Best OpenVPN Service Provider to work with PFSense



  • Hi All,

    A question I am unable to answer, with too many reviews and different plans, but searching on all those keywords doesn't guarantee any valid results.

    The question is :

    What is the most reliable, fastest, secure and Anonymous VPN Provider on the planet to work with PFSense without any issues? (Using OpenVPN)

    This doesn't mean the cheapest, could be more expensive, but providing a reliable, fast, and professional service.
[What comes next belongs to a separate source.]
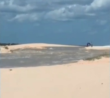 Lago Grande, um famoso ponto turístico de Camocim no litoral Oeste do Ceará, transbordou e invadiu uma grande área, deixando turistas que estavam no local ilhados. O fato aconteceu por volta de meio-dia de quarta-feira (26).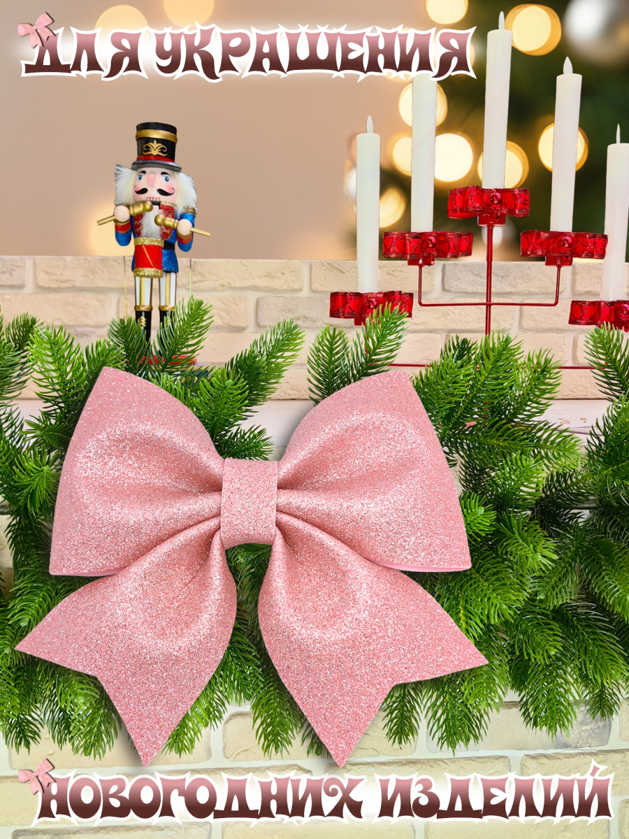 Декоративный бант "Елочные сказки" из фоамирана станет прекрасным дополнением к вашему декору, на праздник, торжество или просто для души. Этот рельефный бант с острыми очертаниями из плотного и блестящего фоамирана придаст праздничное настроение любому интерьеру. Его блестящий, нежно-розовый цвет и праздничный дизайн в виде банта, идеально впишутся в общую тематику праздника. Бант можно использовать как украшение для елки, интерьера и просто для создания акцентных элементов, создавая атмосферу уюта и волшебства. Также, подойдет для украшения подарочных коробок. Фоамиран — это мягкий, легкий, пластичный полимерный материал, его ключевыми характеристиками являются гибкость, плотность и разнообразие цветов. Данный материал не теряет цвет и не деформируется со временем, поэтому ваш бант долго будет радовать вас своей красотой. Бант имеет выпуски из декоративной проволоки для удобного крепления +- 10 см.

Most reviews consider speed, number of servers, countries ..etc as part of the evaluation criteria.

    I currently have a new subscription with VyprVPN, just started 3 days ago, and from 3 different computers, PFSense, Mac, and Ubuntu, I failed to connect to their servers in LA. Support is still working on the issue, but I am not sure if I am going anywhere.

    With PfSense, it does connect successfully, but then disconnects seconds after the connection.

    So I find it hard to search for the best running with PfSense.

    Regards,

    Dan



  • Have a look on this site: There you can find a great overview and comparison of different providers. Hope it helps!



  • I have a working solution with VYPRvpn and pfsense.
    Can you post your config so i can assist you?



  • Privateinternetaccess works ok here. Almost no speed loss, and some drops during the day that are, for some reason I still don't know, being caused by Snort (if I delete all blocked IP's in Snort the VPN is up again immediately. Still haven't found out why Snort is blocking it).



  • @dan2010:

    What is the most reliable, fastest, secure and Anonymous VPN Provider on the planet to work with PFSense without any issues? (Using OpenVPN)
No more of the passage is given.